Source code in analyzer/helpers.py
def api_request(url: str, token: str) -> Any:
    """Make an authenticated API request to GitHub.

    Args:
        url: The URL endpoint to request.
        token: GitHub API token for authentication.

    Returns:
        Parsed JSON response or response object on error.
    """
    header = {'Authorization': f'token {token}'}
    response = requests.get(url, headers=header)
    try:
        json_response = json.loads(response.content)
        return json_response
    except Exception:
        return response

analyzer.helpers.get_response(url, token_list, ct)

Retrieve JSON response from API endpoint using token rotation.

Parameters:

Name Type Description Default
url str

API endpoint URL.

required
token_list List[str]

List of available GitHub API tokens.

required
ct int

Current token index counter.

required

Returns:

Type Description
tuple

Tuple of (json_data, updated_token_counter).

Source code in analyzer/helpers.py
def get_response(url: str, token_list: List[str], ct: int) -> tuple:
    """Retrieve JSON response from API endpoint using token rotation.

    Args:
        url: API endpoint URL.
        token_list: List of available GitHub API tokens.
        ct: Current token index counter.

    Returns:
        Tuple of (json_data, updated_token_counter).
    """
    json_data = None
    len_tokens = len(token_list)

    try:
        ct = ct % len_tokens
        headers = {'Authorization': f'Bearer {token_list[ct]}'}
        request = requests.get(url, headers=headers)
        json_data = json.loads(request.content)
        ct += 1
    except Exception as e:
        print(f"Error in get_response: {e}")

    return json_data, ct

analyzer.helpers.file_name(name)

Extract the file name from a file path.

Parameters:

Name Type Description Default
name str

File path or name string.

required

Returns:

Type Description
str

Extracted file name.

Source code in analyzer/helpers.py
def file_name(name: str) -> str:
    """Extract the file name from a file path.

    Args:
        name: File path or name string.

    Returns:
        Extracted file name.
    """
    if name.startswith('.'):
        return name[1:]
    elif '/' in name:
        return name.split('/')[-1]
    else:
        return name

analyzer.helpers.file_dir(name)

Extract the directory path from a file path.

Parameters:

Name Type Description Default
name str

File path string.

required

Returns:

Type Description
str

Directory path (empty string if no directory).

Source code in analyzer/helpers.py
def file_dir(name: str) -> str:
    """Extract the directory path from a file path.

    Args:
        name: File path string.

    Returns:
        Directory path (empty string if no directory).
    """
    if name.startswith('.'):
        return name[1]
    elif '/' in name:
        return '/'.join(name.split('/')[:-1])
    else:
        return ''

analyzer.helpers.save_file(file, storage_dir, file_name)

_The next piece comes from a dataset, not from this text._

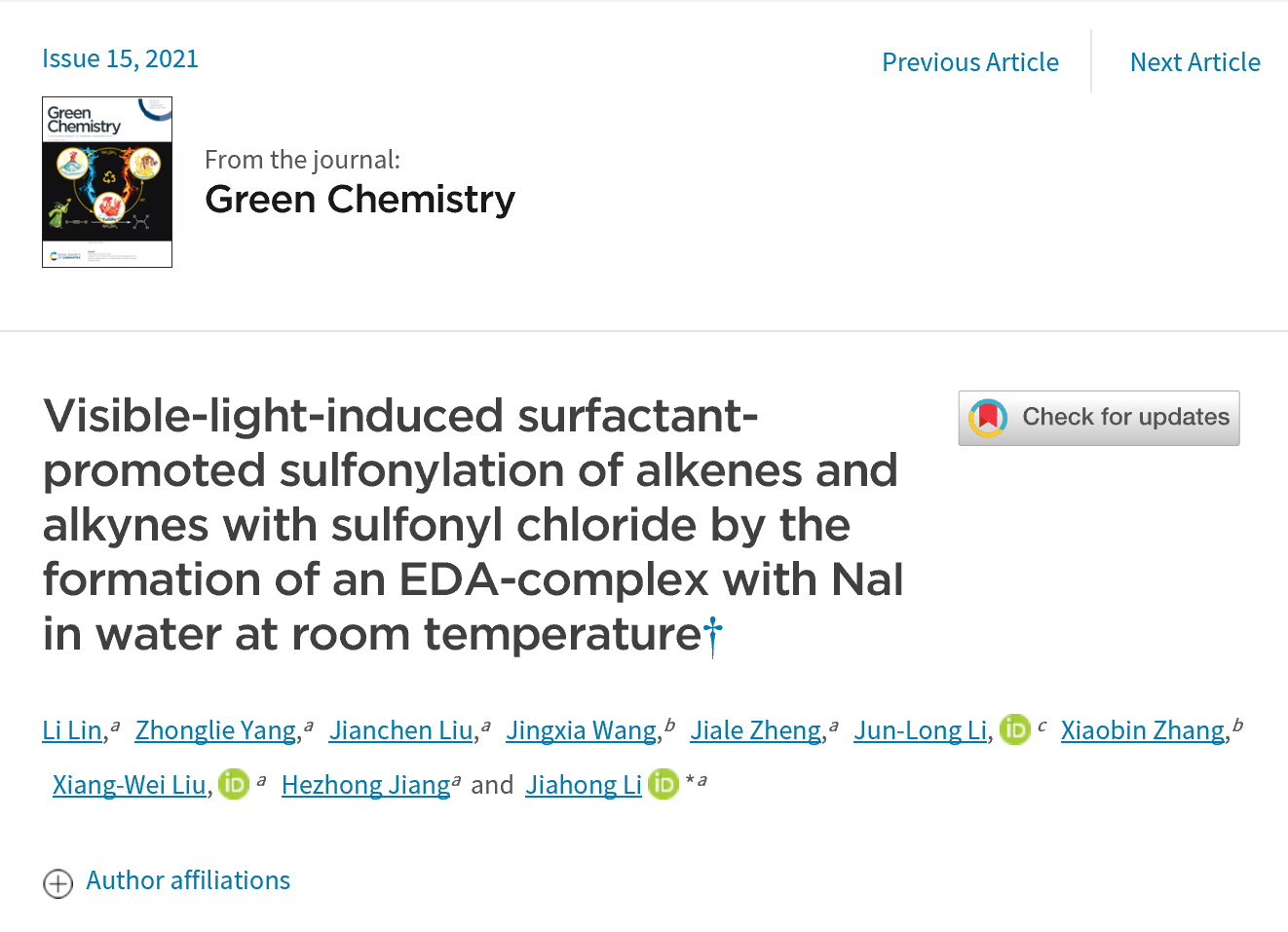 化学顶级期刊Green Chemistry发表公司李加洪博士团队最新研究成果

Save binary file to specified directory.

Parameters:

Name Type Description Default
file bytes

Binary file content.

required
storage_dir str

Directory path for storage.

required
file_name str

Name of file to save.

required
Source code in analyzer/helpers.py
def save_file(file: bytes, storage_dir: str, file_name: str) -> None:
    """Save binary file to specified directory.

    Args:
        file: Binary file content.
        storage_dir: Directory path for storage.
        file_name: Name of file to save.
    """
    if not os.path.exists(storage_dir):
        os.makedirs(storage_dir)

    file_path = os.path.join(storage_dir, file_name)
    mode = 'xb' if not os.path.exists(file_path) else 'wb'

    with open(file_path, mode) as f:
        f.write(file)

analyzer.helpers.get_file_type(file_path)

Detect file type based on extension.

Parameters:

Name Type Description Default
file_path str

Path or name of the file.

required

Returns:

Type Description
int

FileExt enum value indicating the file type.

Source code in analyzer/helpers.py
def get_file_type(file_path: str) -> int:
    """Detect file type based on extension.

    Args:
        file_path: Path or name of the file.

    Returns:
        FileExt enum value indicating the file type.
    """
    name = file_name(file_path)

    if name.lower() in _SPECIAL_FILES:
        return common.FileExt.REQ_TXT

    ext = file_path.split('.')[-1].lower()
    return _get_extension_map().get(ext, common.FileExt.Text)

analyzer.helpers.remove_comment(source, file_ext)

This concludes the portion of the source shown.